Anyone ever used this? How does it compare to, lets say, ADA aqua soil?

I can't find too too much by google searching. They claim it enhances plant's natural colours/reds and encourages proper plant development.

I would just go with aquasoil, but I've obtained a bunch of gift cards for a big box store that only carries tropica's soil, flourite and eco-comp.
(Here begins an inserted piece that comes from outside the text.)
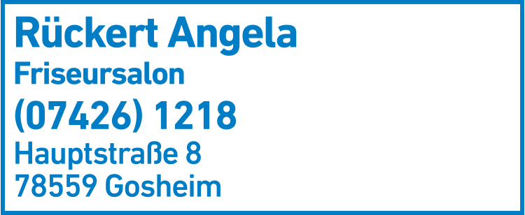 Die Adresse von Rückert Angela Friseursalon lautet: Hauptstr. 8, 78559 Gosheim

I want something different than flourite/eco-comp.


----------



## Jeff5614 (Dec 29, 2005)

You might find more users over on UKAPS.org.

https://www.ukaps.org/forum/threads/feedback-from-tropica-soil-users.37603/

https://www.ukaps.org/forum/threads/tropica-aquarium-soil.40137/


----------



## charlie 1 (Oct 22, 2006)

I have multiple tanks and have used both along with Netlea soil.
I honestly have not noticed any significant advantages of one over the other in relation to plant growth.
Regards


----------



## TeteRouge (Jul 26, 2009)

I have used it with no problems, I have 3 healthy tanks with it. I cannot compare as such, as it is the only planting specific substrate I have used. Similar to your situation, at the time it was the only in-stock available -part of a store credit purchase.


----------



## iamaloner (Jul 10, 2017)

I have used tropica and ADA and eco complete. 

My ADA Africana is breaking down after 21 months. I regret buying it as this is my main display tank now. And a very thin layer on top is turning powdery making it hard to clean the substrate. Not sure if Amazonia or the Malay one are any different. This is a 80 gallon tank. 

Tropica I have in a nano 7 gallon. Does well. Has held strong for over 3 years. Low tech no co2 no ferts plants grow very well. 

Ecomplete is my fav to be honest. It's hard as a rock and hasn't broken down since I first used it 4.5-5 years ago. It's in a 10 gallon tank. 

I'm planning on setting up more tanks. Maybe a new 120 gallon display or 2 stacked 55 gallon grow outs and I'm going back to eco complete. 

Sent from my PH-1 using Tapatalk


----------



## Quagulator (May 4, 2015)

iamaloner said:


> I have used tropica and ADA and eco complete.
> 
> My ADA Africana is breaking down after 21 months. I regret buying it as this is my main display tank now. And a very thin layer on top is turning powdery making it hard to clean the substrate. Not sure if Amazonia or the Malay one are any different. This is a 80 gallon tank.
> 
> ...




Thanks, I ended up saving some money and using some existing fluorite and some new fluorite. I like it over eco complete, nicer grain size, stays a nice black colour and grows plants just as well in my experience


Sent from my iPhone using Tapatalk


----------